- **What is required**: For every line below, restate it exactly and drop the images.

[Collected data]
::::
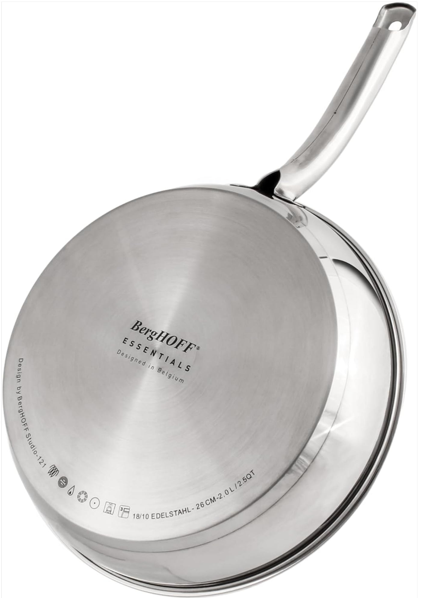
Image: The underside of the Berghoff Belly Shape Skillet, displaying brand information and key specifications like material and capacity.
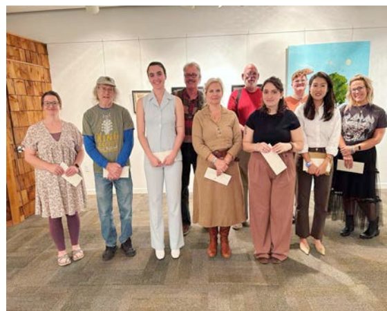
"Visual Evidence" Winners
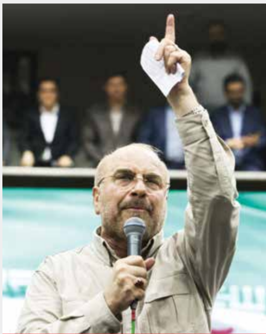
Mohammad Baqer Qalibaf
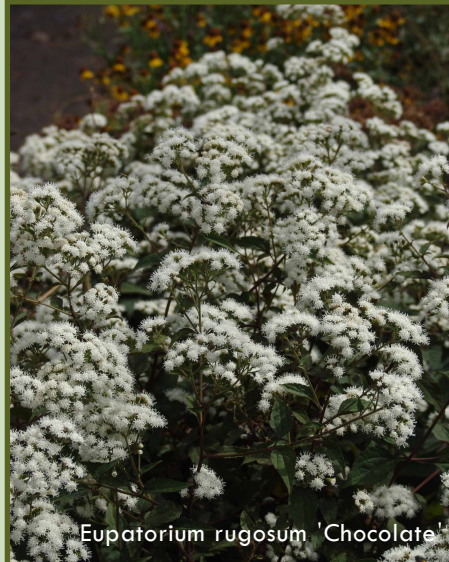
Eupatorium rugosum 'Chocolate'
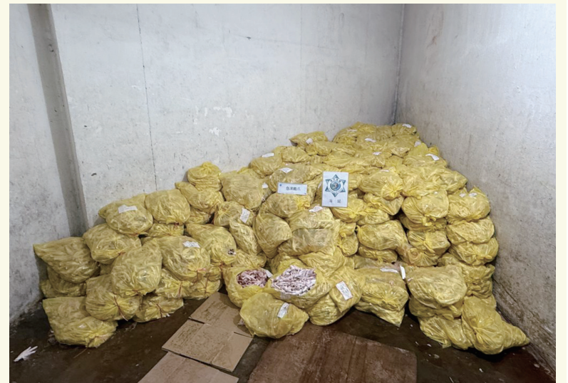
This handout photo released by the Macau Customs Service yesterday shows bags of chicken feet weighing 1.8 tonnes, stored at room temperature, at a parallel trading den in the northern district on Tuesday.
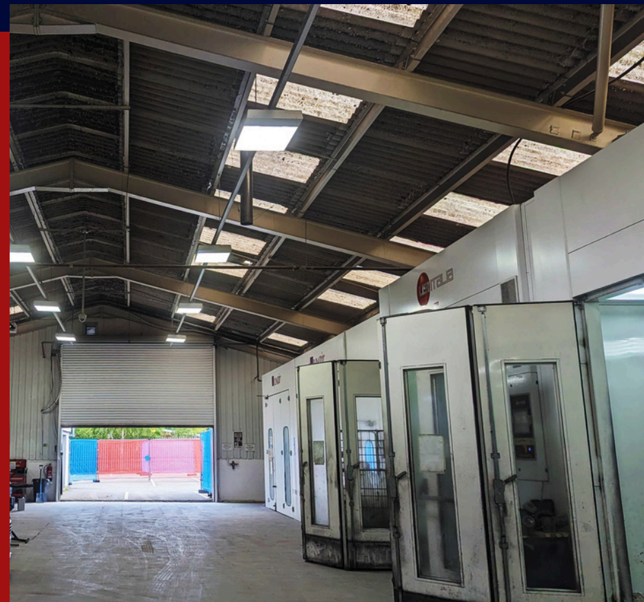
INTERNAL SPRAY AREA
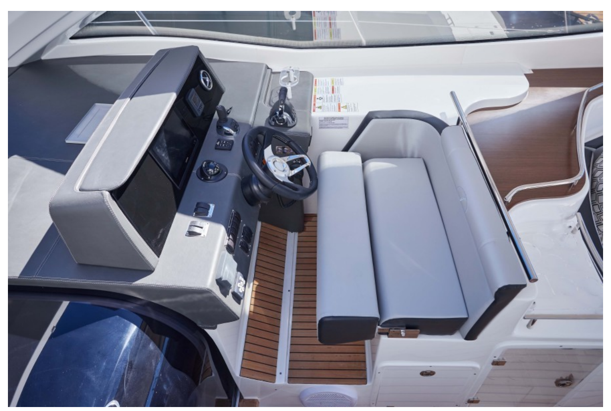
Schaefer 400 Helm Station Take in the sun from above with the incredible sunroof
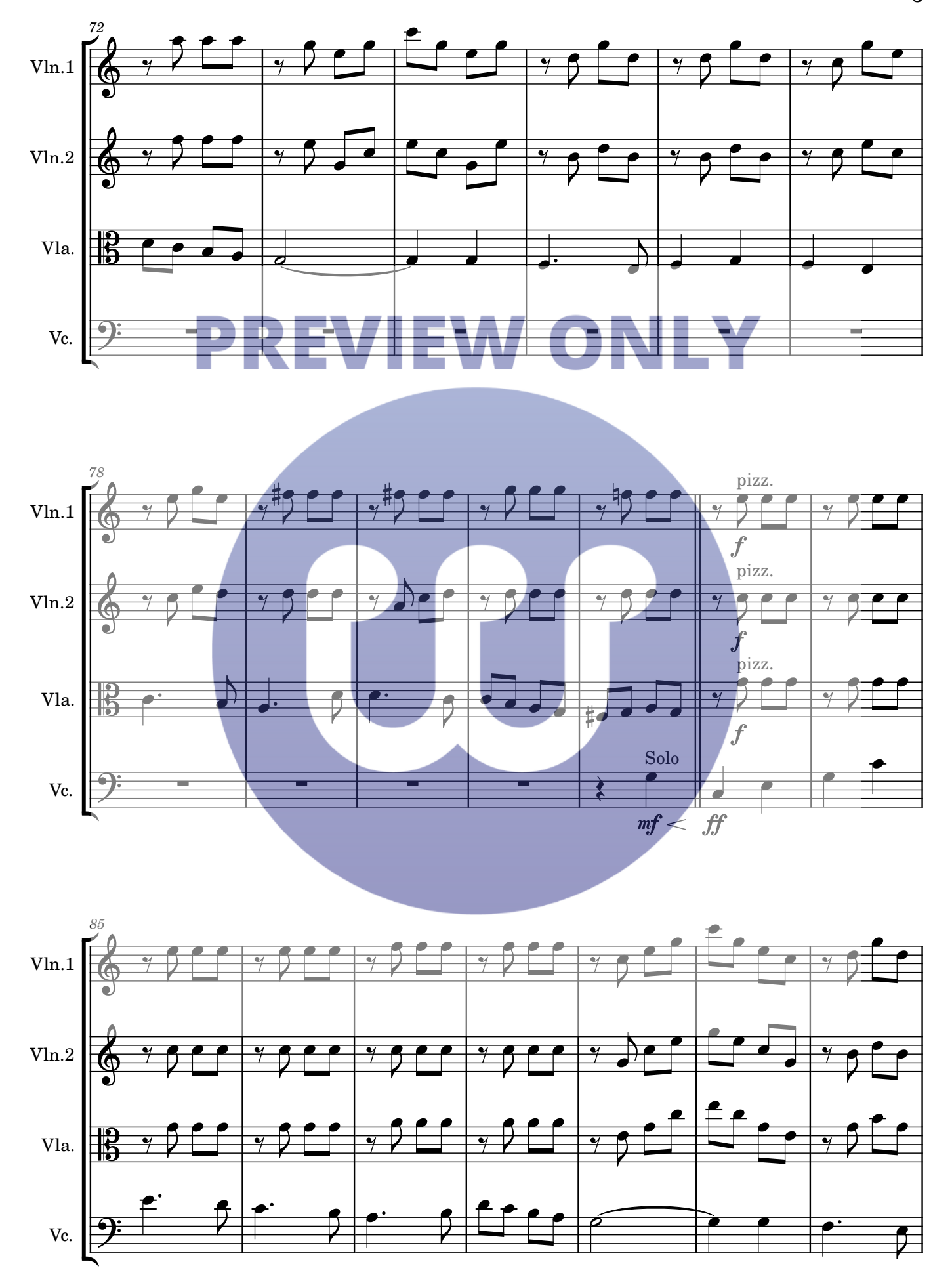
© Copyright arrangement, 2023, Hugh Levey, woodwindly.com. All rights reserved.
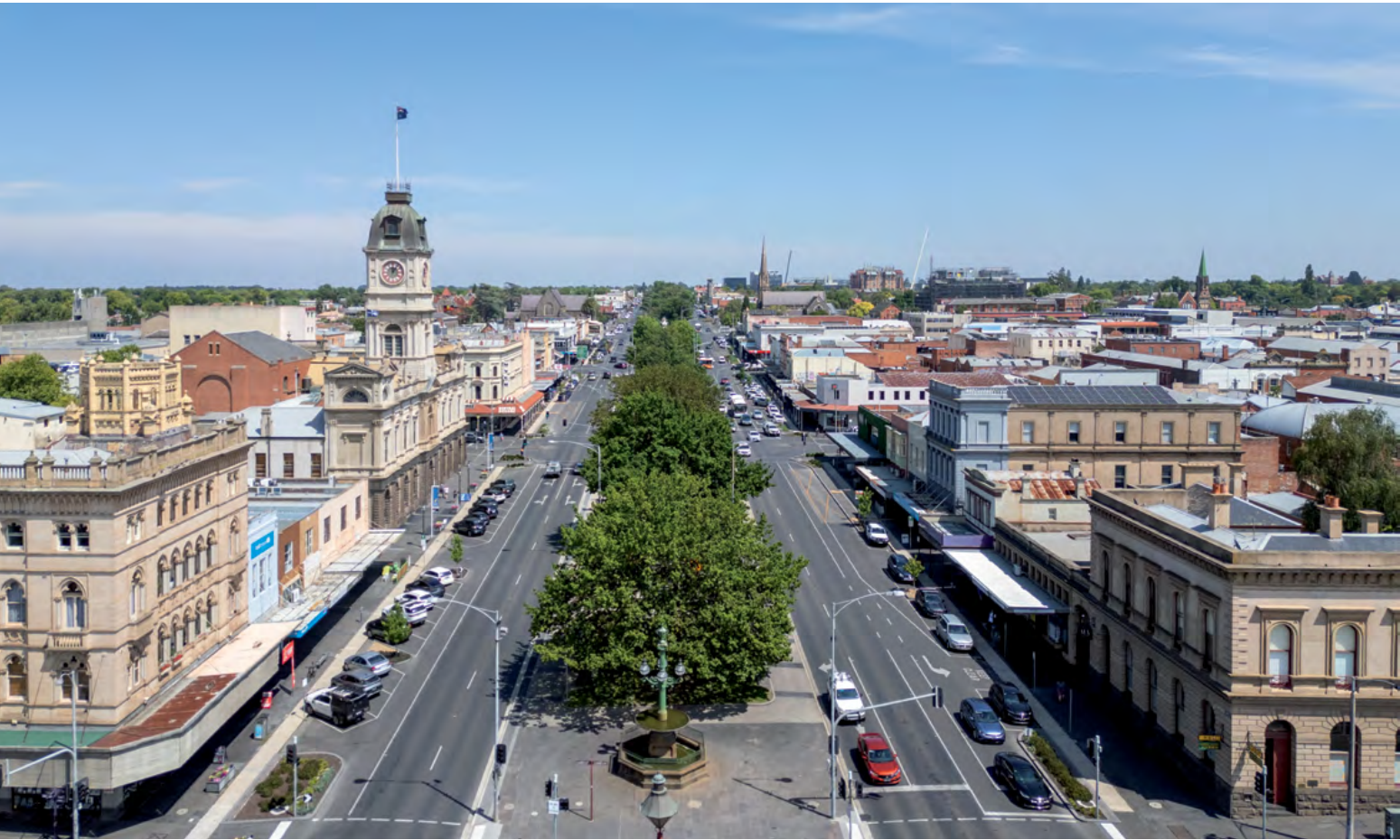
Sturt St, Ballarat
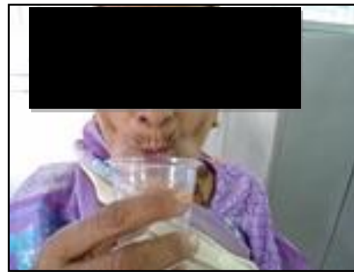
Figure 4(c): Drinking
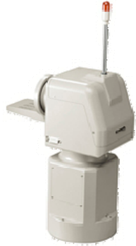
AW-PH400 Load: 17.6 lbs.
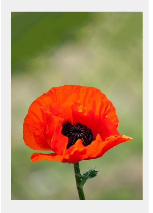
The 11th Day of the 11th Month 1918

Next month will be the commemoration of the ending of the First World War 100 years ago. Most have heard of the Commonwealth War Graves Commission (CWGC) which honours the 1.7 million men and women of the Commonwealth forces who died in the First and Second World Wars. The Commission builds and maintains cemeteries and memorials at 23,000 locations in more than 150 countries and territories. In Cyprus, there are eight cemeteries and two memorials maintained by the CWGC with Waynes Keep being the largest and the resting place of 590 casualties.
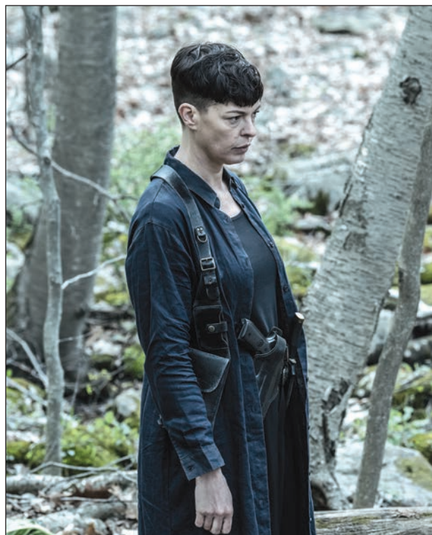
Pollyanna McIntosh in "The Walking Dead: The Ones Who Live"
::::
- **Task response**:
Image: The underside of the Berghoff Belly Shape Skillet, displaying brand information and key specifications like material and capacity.
"Visual Evidence" Winners
Mohammad Baqer Qalibaf
Eupatorium rugosum 'Chocolate'
This handout photo released by the Macau Customs Service yesterday shows bags of chicken feet weighing 1.8 tonnes, stored at room temperature, at a parallel trading den in the northern district on Tuesday.
INTERNAL SPRAY AREA
Schaefer 400 Helm Station Take in the sun from above with the incredible sunroof
© Copyright arrangement, 2023, Hugh Levey, woodwindly.com. All rights reserved.
Sturt St, Ballarat
Figure 4(c): Drinking
AW-PH400 Load: 17.6 lbs.
The 11th Day of the 11th Month 1918

Next month will be the commemoration of the ending of the First World War 100 years ago. Most have heard of the Commonwealth War Graves Commission (CWGC) which honours the 1.7 million men and women of the Commonwealth forces who died in the First and Second World Wars. The Commission builds and maintains cemeteries and memorials at 23,000 locations in more than 150 countries and territories. In Cyprus, there are eight cemeteries and two memorials maintained by the CWGC with Waynes Keep being the largest and the resting place of 590 casualties.
Pollyanna McIntosh in "The Walking Dead: The Ones Who Live"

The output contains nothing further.